“Are you asking if I saw you die before?” She nodded. “Yes. Not every time. I…” He shook his head. “You don’t want to hear about this.”
“I do. I need to know the truth so that I can see who she is. I need to know how I fight back so it doesn’t happen again,” she said.
His eyes widened. “She trapped me a little over a hundred and twenty years ago. That would have been after…the third time you—Brigitte—died. The first time, I was with Julian, but I didn’t see you. And when it happened again, we still didn’t understand that it was Armina’s curse. It wasn’t until she tricked me that I realized what she was doing. She imprisoned me for a long time just to amuse herself, and I think it would have been the fourth time when I had to see it for myself.”
“Did she always take care of me? Of her…” Scarlett shook her head. “Pretend to be family, I mean?”
He shook his head. “That was only this time. Before, she just let fate run its course for about twenty-eight years, and then she’d start circling until she found you. One time you—” His face paled. “One time she had a child. Not hers by blood, but the son of a friend who had died.”
“How did she find me—find her?” she asked. She had to stop thinking of those women as herself, even as a strange image tore through her mind, holding the hand of a little boy with black curls as they watched a mound of dirt rising over a freshly buried coffin.
“That I don’t know,” he said. “It’s tied to the spell on you.”
“And does she…did she kill her every time?”

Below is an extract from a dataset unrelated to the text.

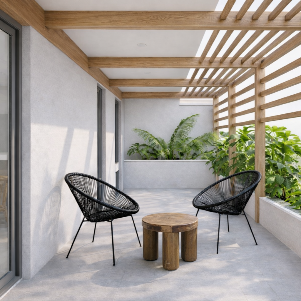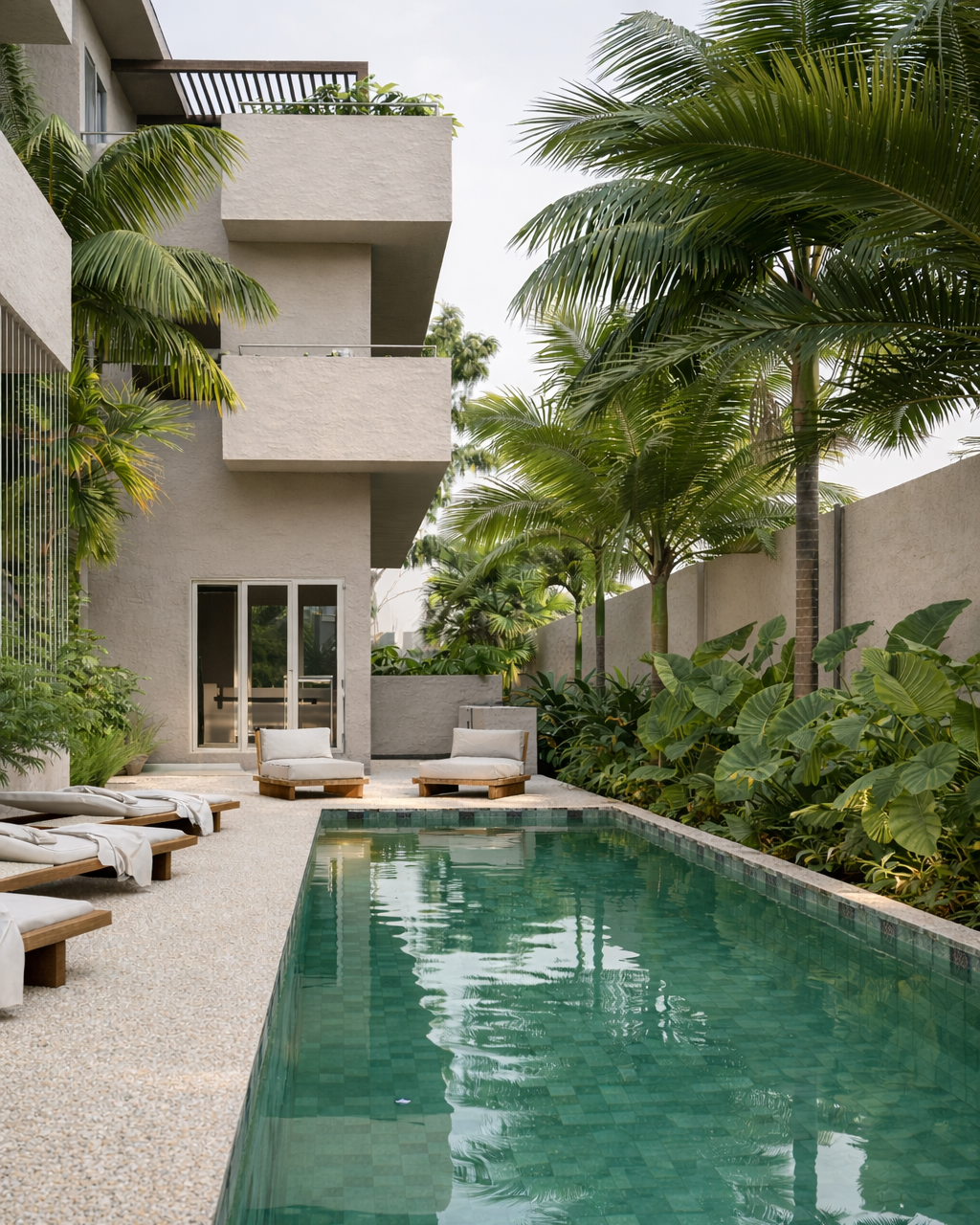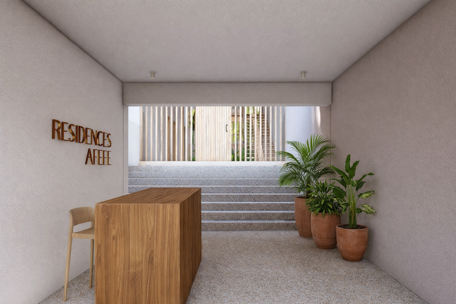 L'entrée principale mène à un hall d'entrée ouvert avec un patio verdoyant et un escalier élégant, facilitant l'accès aux étages. Les appartements en duplex ont une entrée privée avec cour et garage, tandis que les autres unités disposent d'un accès indépendant. Les espaces de vie sont conçus pour optimiser la ventilation et l'éclairage naturels, avec de larges ouvertures et terrasses orientées vers les vents et la mer. Les matériaux utilisés, tels que les briques de terre cuite, les enduits beige et blanc, le métal ocre marron, et le carrelage en pierre de Bali, assurent un confort thermique et une esthétique harmonieuse.

He shook his head. “No. I think that’s how she convinces herself that she’s still got the moral high ground. Shoshanna understands much more about magic than I do, but Armina has somehow twisted fate around you. When it’s time, the magic brings calamity to you, and she never gets her hands dirty.” His eyes were downcast as he took a long drink from the bag of blood. When he spoke again, his voice was quieter.“She got even more cruel over time. The last time… You had a boyfriend, and she made me attack him,” he said. His jaw ticked, and he met her eyes with an anguished gaze. “She made me kill him. And you found him dead.”

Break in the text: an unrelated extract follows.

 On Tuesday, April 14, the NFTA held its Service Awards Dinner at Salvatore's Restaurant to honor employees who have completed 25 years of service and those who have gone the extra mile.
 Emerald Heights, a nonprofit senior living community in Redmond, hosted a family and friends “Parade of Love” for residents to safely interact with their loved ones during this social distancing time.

It was strange to see his anguish, when she had no memory of this man. But she remembered what it was like to see Julian fall with Armina’s magic ripping through him, his body stiff and eyes wide open in a death stare.Some version of her had loved and lost, and had suffered enough that Kova was still haunted by it.

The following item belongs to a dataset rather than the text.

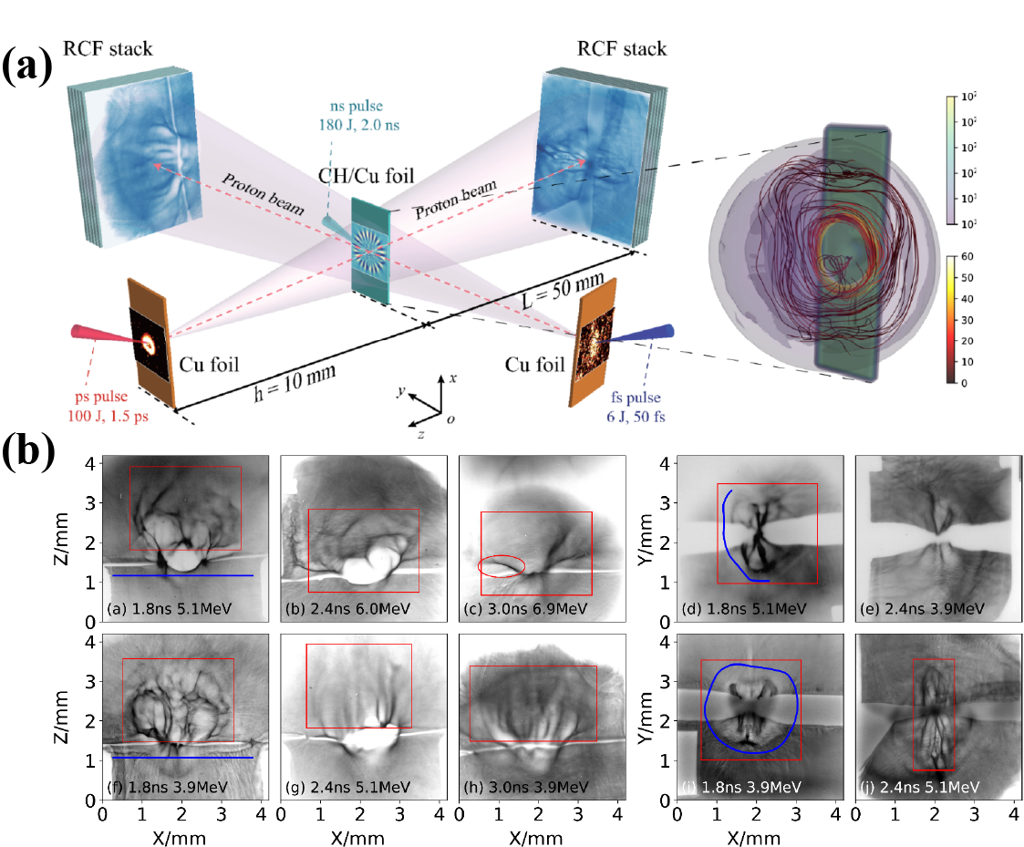 2019-2021年,依托世界上唯一的同时具有纳秒、皮秒和飞秒激光脉冲的星光-Ⅲ装置,利用TNSA加速机制驱动高品质质子源,开展了各向异性热等离子体中自生磁场的三维同步质子照相系列研究。首次获得了低原子序数CH和高原子序数Cu等离子体自生磁场的三维结构实验数据,并且同时观察到了流体的Biermann和动理学的Weibel这两种最重要的宇宙种子磁场机制,揭示了库仑碰撞对磁场产生的重要影响。该技术入选国家“十三五”科技成果创新成就展,是“超强激光在高温高密度极端物质科学中的先进诊断技术”成果的主要内容之一,也是获得“国防科技工业突出贡献奖(团队奖)”的主要内容之一。

“Why?” she whispered. “What does that have to do with Julian?”
“She wanted to see if she could make you hunt him down. A few weeks after his death, she swooped into your life to comfort you and tell you that what you’d experienced was real, and that she could help you find the man who did it,” Kova said. “It was?—”
“So she killed him just to see what would happen?” she said incredulously.
“When you took the bait, she tried to make me train you to hunt. I refused, so she locked me in the basement for nearly a year and starved me out. When she finally let me out, it was to protect her from Julian when he came looking for her, and then again to bring you back when it was over,” Kova said.
Her throat closed off as tears spilled over her cheeks. “You tried so hard for me.”
“I did for you what I couldn’t do for Lucia. I wanted—” His voice broke, and he clamped his lips shut as he stared intently at his hands. Her heart pounded as they sat together. Though they did not speak, the pain echoing in the room was deafening. “What else do you want to know?”
“I want to know if you’ll be okay,” she said.
His eyes lifted. “All of this, and you’re worried about me? I’m fine.”
“What about Lucia? Are you going to see her?”
His lips parted, and there was a strange pulse of light, his dark eyes going red. “I don’t know if I can. All these years gave me so much time to think. Lucia’s not like me. She’s gentle and sweet. Never hurt anyone, not even by accident. I always thought it was strange that she loved me, even then.”
“And you think you don’t deserve her?” Scarlett asked.
His eyes lifted to her, and he simply smiled.
“I think you’re full of shit,” she said sharply. His brows arched. “And I think you should let Lucia decide if you’re good enough for her, instead of treating her like some delicate creature who doesn’t have the capacity to make her own decisions.”
His jaw dropped. “Scarlett.”
“I’m sorry, but it’s true,” she said. “Why would you go through all of this for her and then hide when she’s finally in reach?”
“What if she hates me?” he asked.
“How could she hate you?” she said. “She knows you. I know you and I love you.”
His eyes welled over, but he scrubbed quickly at them. With a nervous laugh, he finished off the blood bag. “Careful with all this. I’ll have you running laps if you keep making me look at myself this closely.” Then he slid around the table, close enough to hold her shoulders. He kissed her forehead, then lifted her chin. “I’ll try to be brave enough for Lucia. But for now, she’s safe. You aren’t. Let me focus on helping you, zaika.”
She nodded solemnly. “Okay. You think they can do it?”
“I think if those two can break a century-old binding, they’ve got a damned good chance at it,” he said.